Worland High School has 9th through 12th grades, and on average there are 370 students enrolled. The school is set in the town of Worland, Wyoming, which had a population 5,250 in the 2000 census. The high school's mascot is the Native American warrior, and the students are commonly referred to as the "Worland Warriors" and "Worland Lady Warriors."

===Athletics===
Sport options include men and women's cross-country, swimming, track and field, basketball, soccer and golf.
Women's volleyball, cheerleading and gymnastics (state program lost 2008) and men's wrestling and football are offered.

===Additional student programs===
- Band
- Debate
- FFA
- Choir
- Theater
- Art
- Welding
- Philosophy Club
- Key Club
- "W" Club
- Nation Honors Society
- Yearbook
- Student Council
- Newspaper

===The Arrow===
The student-composed monthly newspaper The Arrow appears in the local paper's TV guide. In the 2008 school year, students created the Scream II, an independently produced weekly newspaper. Its name was an homage to the original high school's newspaper, The Scream, which has since been discontinued.

The school board initially turned down Barack Obama's stimulus money, angering many parents and students. However, after several letters to the editor by parents and students were printed in the local newspaper, the school board decided to revisit the stimulus money options. A final result was very close and the money was again rejected.

===District spending===
The Washakie County School District #1 spends $14,260 per pupil in current expenditures. The district spends 64% on instruction, 33% on support services, and 3% on other elementary and secondary expenditures.
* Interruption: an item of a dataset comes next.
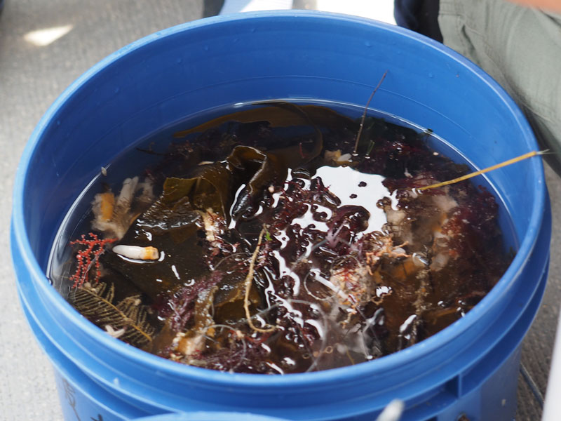 ドレッジが着底後、5分ほどドレッジを曳いて揚収しました。採集物を船上でふるいにかけ、大型の生物をより分けます。1地点でバケツ一杯の生物が採集されました。ヒドロ虫以外にも八放サンゴなどの刺胞動物がたくさん採れています。わたしはふるいを通過した砂を採取。70~110m深の3地点でドレッジ採集しました。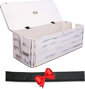 - EYE-CATCHING HANDMADE CRAFTSMANSHIP- Each cable box is hand finished by artisans with a smooth white rustic mango wood finish to match with any decor. Large enough for most surge protectors at 16” long, 5.1” high 6.8” wide. Even our packaging is hand assembled!

===District student-teacher ratio===
The Washakie County School District #1 has 12 students for every full-time equivalent teacher, with the Wyoming state average being 13 students per full-time equivalent teacher.

===District student information===
The Washakie County School District #1 had a grades 9-12 dropout rate of 6% in 2007. The national grades 9-12 dropout rate in 2007 was 4.4%.

In the Washakie County School District #1, 27% of students have an Individualized Education Program. An IEP is a written plan for students eligible for special needs services.

The Washakie County School District #1 serves 6% English language learners, who are in the process of acquiring and learning English Language skills.